Опубликовано 19.04.2007 в gzt.ru
Самолет широкими кругами заходит на посадку. «Наши никогда не летали так низко над горами. – Мой попутчик провел в Афганистане три года, он помнит и как уходили советские войска, и как моджахеды брали Кабул. – Вот с этих самых вершин били по самолетам: устанавливали ракеты, наводили – и повезет или не повезет. Так что наши самолеты взлетали и садились по трое; если подбивали, то товарищей забирали другие». Про фильм Бондарчука «9 рота» он даже разговаривать отказался: «Несерьезно это».

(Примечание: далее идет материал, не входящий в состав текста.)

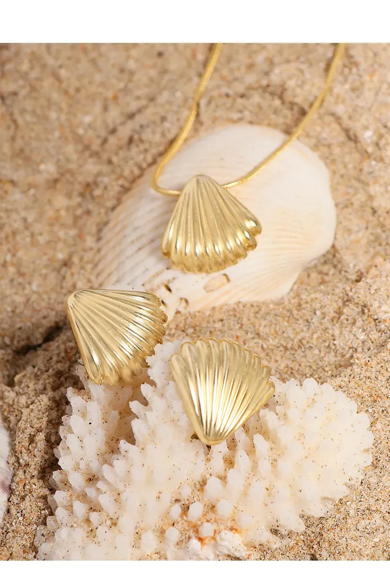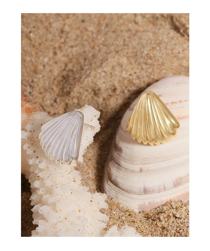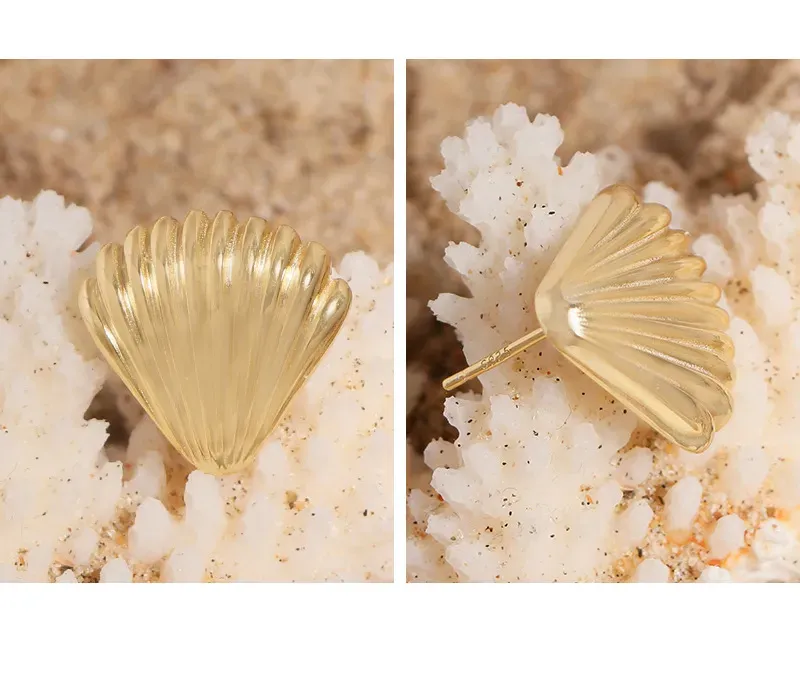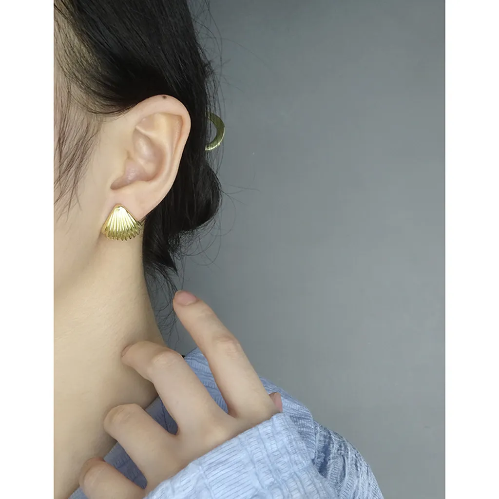 • Style: Elegant stud earrings, designed with a distinctive, nature-inspired fan or shell silhouette that sits beautifully on the ear.
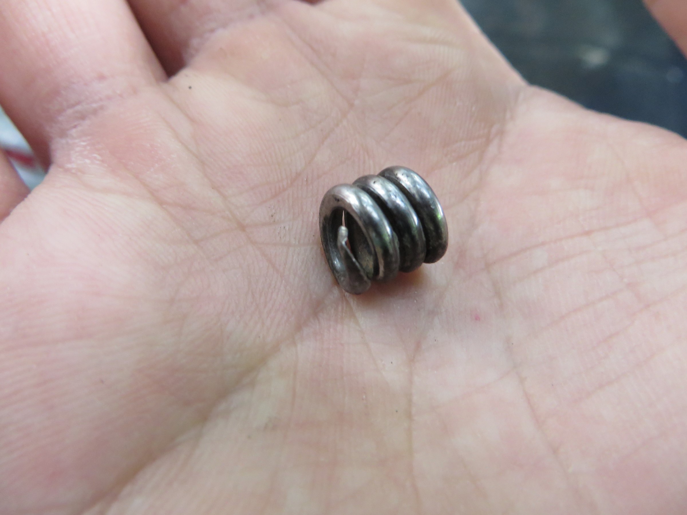 タイヤの点検をしていた所、すぐに下の画像のバネのような物が溝にあるのが確認できました。

Потрескавшийся, но вполне сносный асфальт взлетной полосы. «Это еще шурави положили, американцы даже не думали новый класть», – говорит пассажир-афганец. Шурави – значит советские. Здание старенького аэропорта тоже цело, снаружи его подновили.
«Здравствуй, товарищ!» – приветствует пограничник в VIP-зоне, представляющей собой зеленую лужайку с подстриженными деревьями и пластмассовыми креслами.
В любой компании найдется афганец, который знает хотя бы несколько слов по-русски. В свое время советских ненавидели за то, что пришли. Позже – за то, что ушли, предали и забыли. Теперь отношение изменилось кардинально. Скажем так, с русскими общаются приветливо. И, что особенно поражает, с громадным уважением.
Ориентация на местности
Сверху Кабул того же цвета, что и земля, – коричневый. Он лежит в плоской долине на высоте около 2 тысяч метров. Вокруг – голубые безжизненные горы с ослепительными снежными шапками.
Безжизненные они для чужих. Если смотреть внимательно, то там-сям по долинам разбросаны домики. Афганцы никогда в истории не отдали этих гор ни одному завоевателю. А городами позволяли владеть – до времени.
Езда по Кабулу – это на первый взгляд броуновское движение громадного множества машин и автобусов, в основном советских, японских и корейских. Никто ни с кем не сталкивается, что нельзя объяснить рационально. Правил нет, как и светофоров, зато есть своя ГАИ, которая здесь называется «Траффик».
Один раз офицер остановил моего водителя. Я опаздывала на интервью и приуныла. Мой водитель забыл дома не только права, но и вообще все документы на машину. Короткий разговор с изложением причин их отсутствия – и нас отпускают с пожеланием впредь не забывать. Без всяких попыток откупиться или ссылок на важность миссии пассажира.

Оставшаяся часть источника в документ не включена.